[Dataset items]

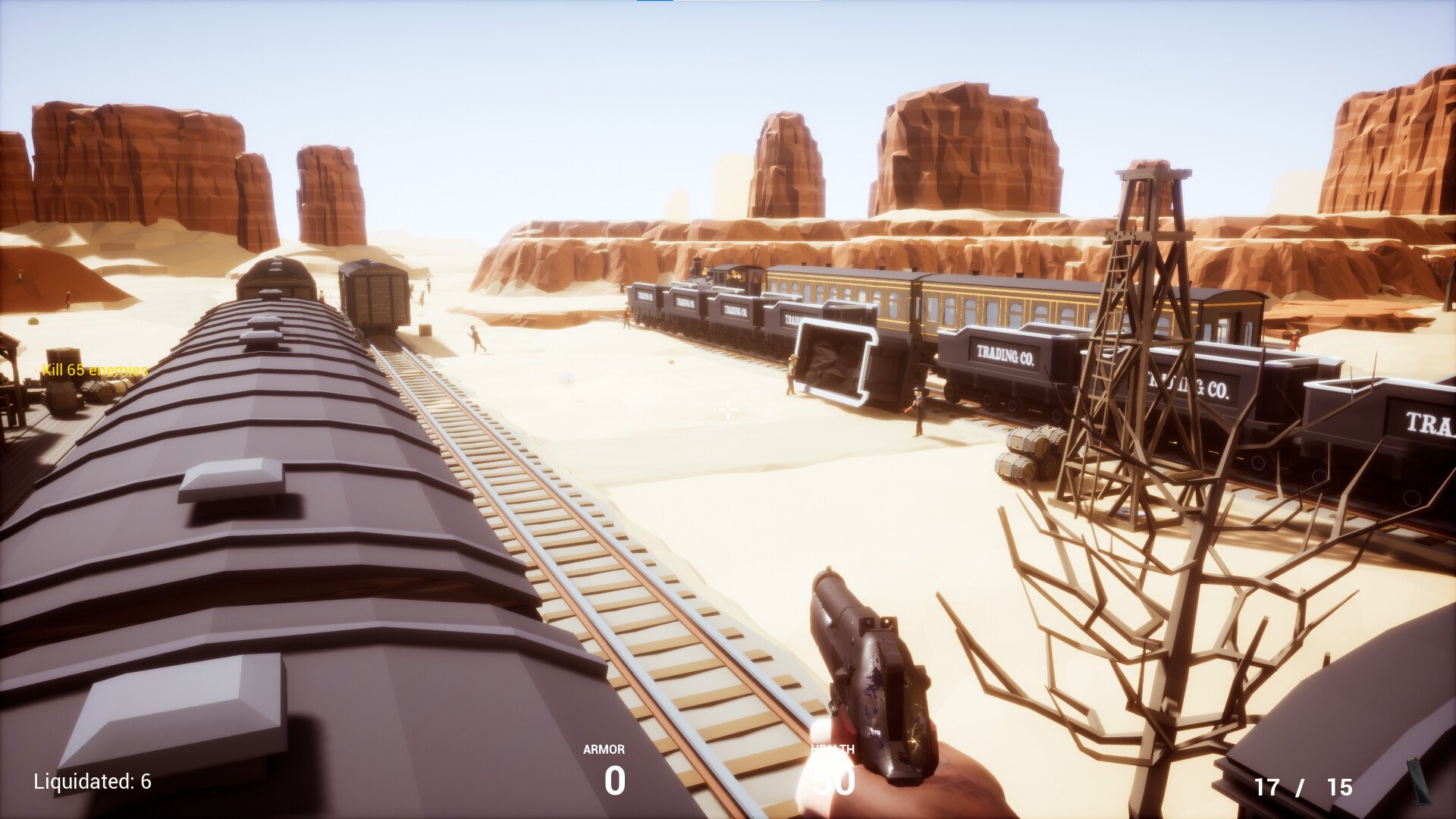PolyClassic: Wild is a fast-paced, first-person shooter that mixes retro shooter feelings with a modern low-poly aesthetic. Set against a Wild West backdrop, the game challenges you to eliminate every enemy that crosses your path. As you progress through the six levels, you'll face off against diverse foes—evil cowboys equipped with powerful shotguns, flamethrowers, and even swift close-combat skills. Each enemy brings its own threat, ensuring that every encounter remains unpredictable and intense.
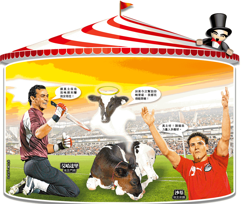 啲人好殘忍?隻牛好可憐?呢啲只不過係CultureShock(文化衝擊)啫。好似我哋拜神最鍾意切燒豬(仲要成隻上),啲鬼佬睇見豬眼同豬鼻,都會覺得好恐怖喇!係咪?希望埃及球員祈福之後,周一順利擊敗安哥拉,等呢隻白色帶黑點嘅牛牛,唔好白白犧牲就好喇!
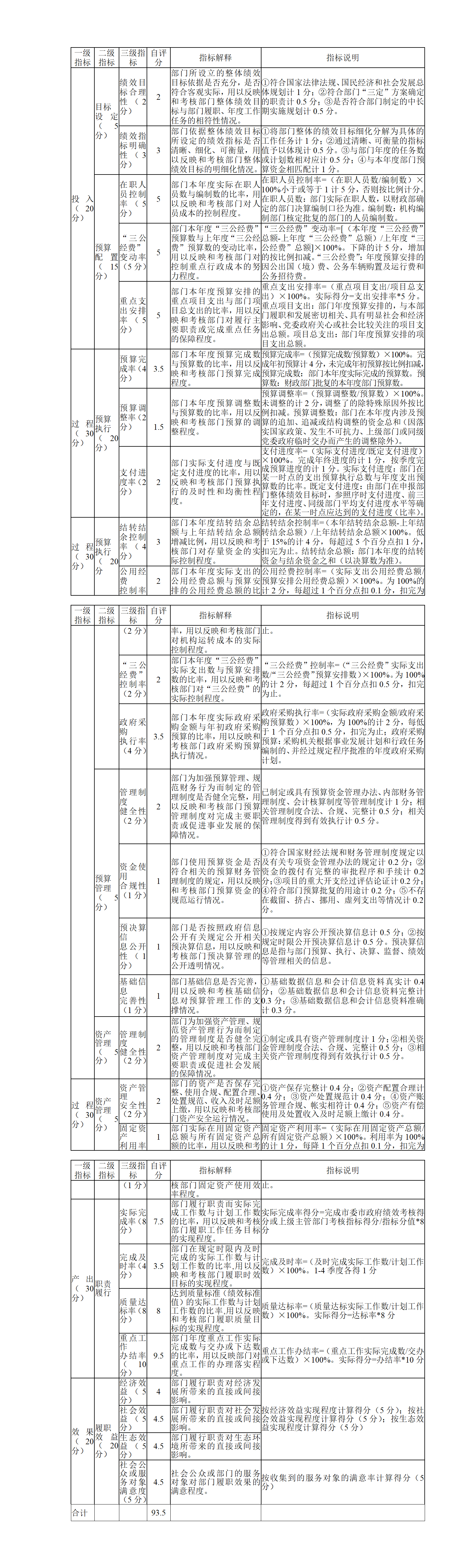 3.产出得28.5分,按规定做好政府性债务还本付息工作,部门和单位将国有资产纳入资产信息系统管理,按要求及时、准确、全面开展资产清查工作,报国有资产报表数据的真实、准确、全面,内部控制度健全完整,信息公开在财政部门批复二十日内向社会公开本部门预算、决算、绩效,部门实施绩效评价项目数量占部门申报绩效目标项目数量的比重,用以反映和考核部门实施绩效评价项目资金覆盖情况。
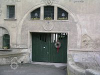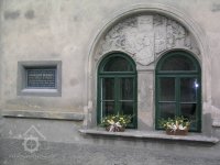Okno a pamětní deska, 2010, © https://commons.wikimedia.org/, (Prvky na obrázku: okno, plastická omítková výzdoba fasád a štítů)
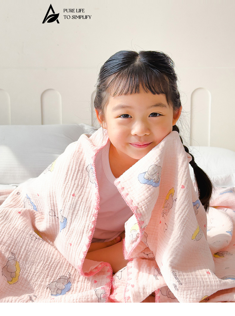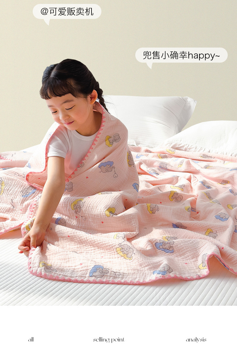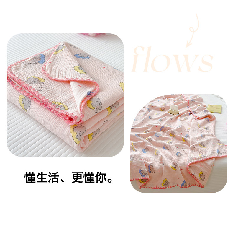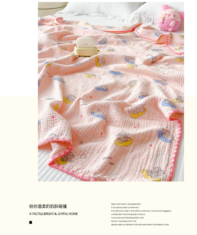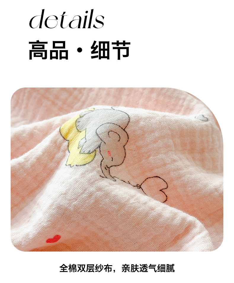 商品名称:兄弟坊 2025全棉抗菌皱皱双层纱夏被午睡毯盖毯空调毯夏凉被沙发毯 皱皱纱-晚安象
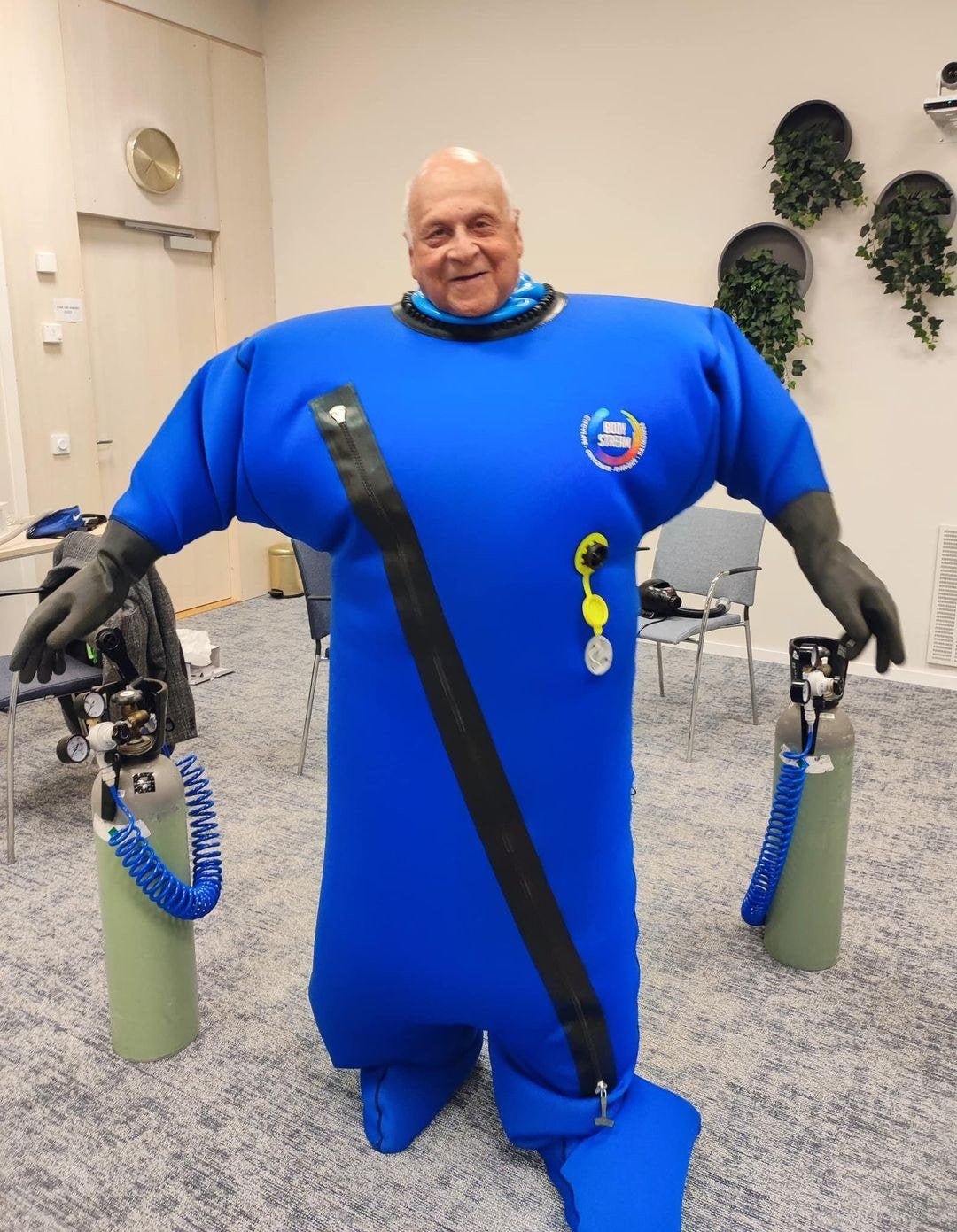 - Materiale: Lufttett drakt med glidelås og nakkeforsegling.

▶ Your objective:
The line that contains "商品名称:兄弟坊 2025全棉抗菌皱皱双层纱夏被午睡毯盖毯空调毯夏凉被沙发毯 皱皱纱-晚安象" opens the part to copy, and the last line of the records closes it; set down those lines exactly, pictures excluded.

▶ The completed task:
 商品名称:兄弟坊 2025全棉抗菌皱皱双层纱夏被午睡毯盖毯空调毯夏凉被沙发毯 皱皱纱-晚安象
 - Materiale: Lufttett drakt med glidelås og nakkeforsegling.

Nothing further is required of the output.